What this task involves: Only the lines from the one holding "- Spread out" through the end of the material are to be repeated, exactly and without pictures.

Data extract:
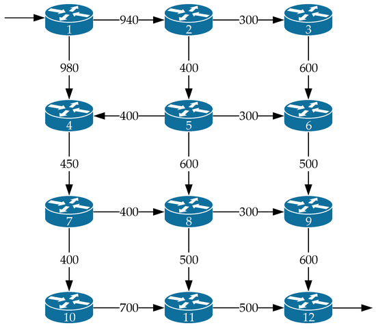 Figure 14 shows the fourth variant of the network structure under investigation. The network contained twelve routers and seventeen communication links. The notation used in Figure 14 is similar to that in Figure 1. In this example, the source of the packet flow was the first router, the receiver of the packet flow was the twelfth router, and the operation of each of the router interfaces was still modeled by the queuing system, where .
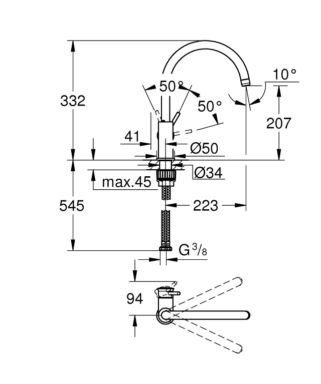 Caracteristiques du mitigeur monocommande évier, GROHE Start Classic, chrome (31553001) :
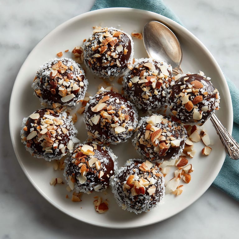 - Spread out the chopped almonds on a plate. Roll each truffle in the almonds until fully coated on all sides, pressing gently so the nuts stick well. Arrange finished truffles on a clean plate or baking sheet.
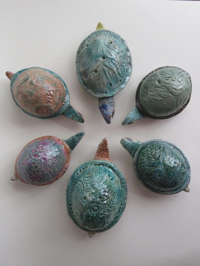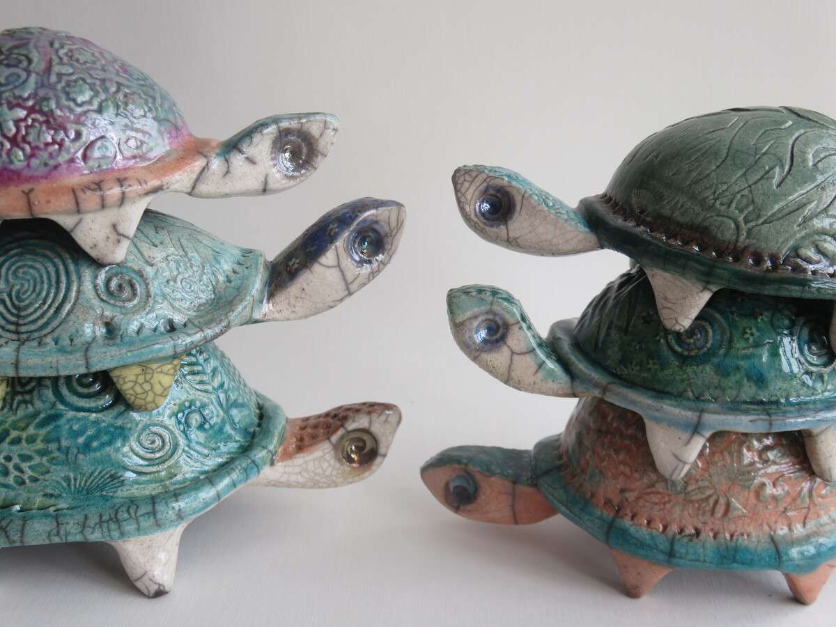 Tortugas decorativas de cerámica raku, piezas exclusivas y únicas, modeladas a mano con arcilla blanca chamotada SiO₂.

Task response:
 - Spread out the chopped almonds on a plate. Roll each truffle in the almonds until fully coated on all sides, pressing gently so the nuts stick well. Arrange finished truffles on a clean plate or baking sheet.
 Tortugas decorativas de cerámica raku, piezas exclusivas y únicas, modeladas a mano con arcilla blanca chamotada SiO₂.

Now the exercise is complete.